Annual Meeting

Abstract of the Presidential Address at the Annual Meeting: “Inequality: Historical and Disciplinary Approaches”

Patrick Manning | Nov 1, 2016

In Rio de Janeiro, high-rise buildings loom in front of Rocinha, one of the largest favelas in Brazil. Wikimedia CommonsInequality is a contemporary social dilemma of growing concern. Has it been constructed through human agency, or is it a simple fact of nature? In their debates, ancient philosophers and modern analysts have been critical of inequality without being able to resolve it. For the past two centuries, human thought has pursued social equality and democratic governance, while the realities of social change have brought new economic and social inequalities.

Understanding inequality in society will require a large-scale research project. The hypotheses articulated and tested must be the strongest and most relevant. What is the social function of inequality? Can regulation limit inequality? Do patterns of inequality connect worldwide? Is social prejudice more basic than economic inequality? Does inequality come from the top or bottom ranks of society? Have there been cycles of inequality? We need to explore such questions with data on the full range of human activities, at levels from the family to big regions (for example, the Caribbean, Southeast Asia, Europe, Africa) to the planet.

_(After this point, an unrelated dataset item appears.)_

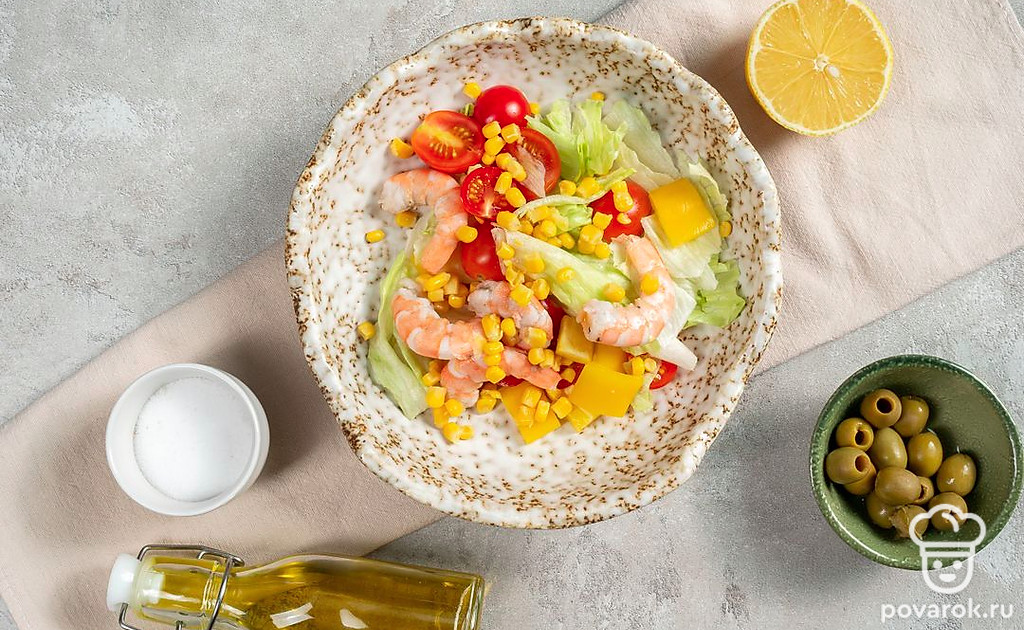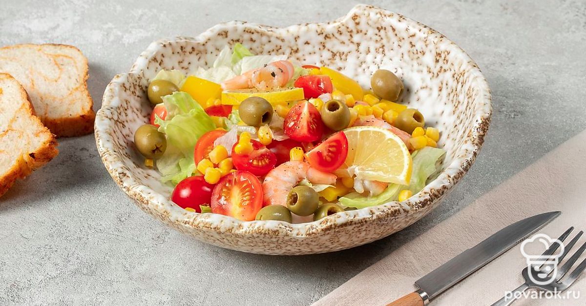 Яркий и питательный салат с кукурузой и креветками подходит для обычного и праздничного стола. Закуска очень простая в исполнении, при этом прекрасно вписывается в диетическое меню. При соединении с другими ингредиентами креветки, казалось бы, постный продукт, раскрываются, и вкус их становится ярким и неповторимым. Сочная кукуруза, сладкий перец и свежие томаты наполнят это быстрое блюдо потрясающими красками.

This presentation will survey recent research on inequality and propose a design for an interdisciplinary campaign to clarify the history, trajectory, and influence of inequality. While economic analysts have shown that the top 1 percent of individuals hold the majority of today’s wealth, how does that relate to hierarchies of gender, race, nationality, health, and nutrition? Historians, to guide this work, must build on the growing comprehensiveness of historical studies—in narrative, collaboration, theory, and disciplinary alliances. Researchers must assemble archival data, conduct field research, simulate missing data, and reach for the great new potential of information science to locate relationships within both data-rich and data-poor domains. The outcome will not end the debate on inequality, but will raise it to a new and evidence-based level.